Looking forward doesn’t mean going back

As we set our eyes on the future, we don’t need to start from scratch. We can look to the past for inspiration for how grassroots, widespread action has transformed America’s information systems. 

The country’s more than 17,000 public libraries were virtually nonexistent before the late 1800s. Advocates convinced Ford Foundation to start funding educational TV in the early 1950s. The Carnegie Corporation formed a commission in 1965, which laid the foundation for new policy supporting public media and Congress creating the Corporation for Public Broadcasting in 1967. More recently, a grassroots movement in the Garden State led to its lawmakers creating the New Jersey Civic Information Consortium, a first-of-its-kind independent nonprofit investing public and private dollars into local news across the state.

A new media movement in the United States is overdue; and we need to build one that is collaborative, equitable, and premised on the belief of treating journalism as the public good it is. One that focuses not on saving what we’ve lost, but building something we’ve never had. That requires imagination, experimentation and looking back to our history: new approaches to how journalism is practiced, how it is funded, whose voices are heard, and rethinking how public policy must ensure we have a thriving, public interest media system in support of a healthy, multiracial democracy. 

Through Press Forward — and hopefully, other future initiatives — philanthropy has the opportunity to throw its support behind this already growing movement. Innovative for-profit publishers are attracting philanthropic dollars to complement commercial revenue. Nonprofit news has grown to several hundred digital-first outlets. Public media reaches millions despite chronic underfunding. 

We hope it doesn’t end there. We need to commit to public funding at the local, state, and national levels, designed to preserve news organizations’ editorial independence, including their essential role as watchdogs of government. New coalitions are focusing on the role of public policy, and winning across the country.

Time is of the essence and the stakes are high. 

What happens in the next five years — which projects succeed, who gets funding, and which policies get passed — will shape our media system for at least a generation. It will influence which local communities have access to reliable information to make informed decisions about policies, programs, and events, and who gets to more fully participate in democracy. Civic media, which has accomplished so much with fewer resources than its mainstream peers, now sits before an opportunity to finally get what it needs. 

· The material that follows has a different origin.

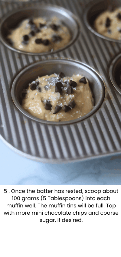 Morning (e.g., 10:05 AM)Fill Muffin TinScoop about 5 tablespoons (around 88-100 grams) of batter per cup. Optionally top with extra chocolate chips and coarse sugar.

It matters who gets backing. It matters where the bets are placed. And, as numerous journalism affinity organizations representing marginalized communities have highlighted, it matters that this under-resourced field can finally operate from an abundant mindset where the needs of the diverse public are put before the profit needs of our profession.

Organization is necessary: It gives groups involved in building a new civic information infrastructure more power to drive widespread change. Now is the time for us to build a coalition of media practitioners, pro-democracy advocates, funders, and government leaders to ensure that civic media, and the information it aims to share, is ubiquitous in every community in the United States. 

There is a lot to be skeptical about — we’re journalists, after all. But the only way to see if we can shift the status quo is by getting organized, flexing our collective power, and securing the resources needed for our field and communities to grow and thrive. 

From philanthropy to traditional local news, we hope that our peers will join in this collective effort. There is no other way forward but together.


Members of the News Futures collective contributed to this project. News Futures is a group of newsroom leaders operating proven models for civic media; community organizers galvanizing a racially equitable future for local news; and media researchers studying information ecosystems and the people who shape them.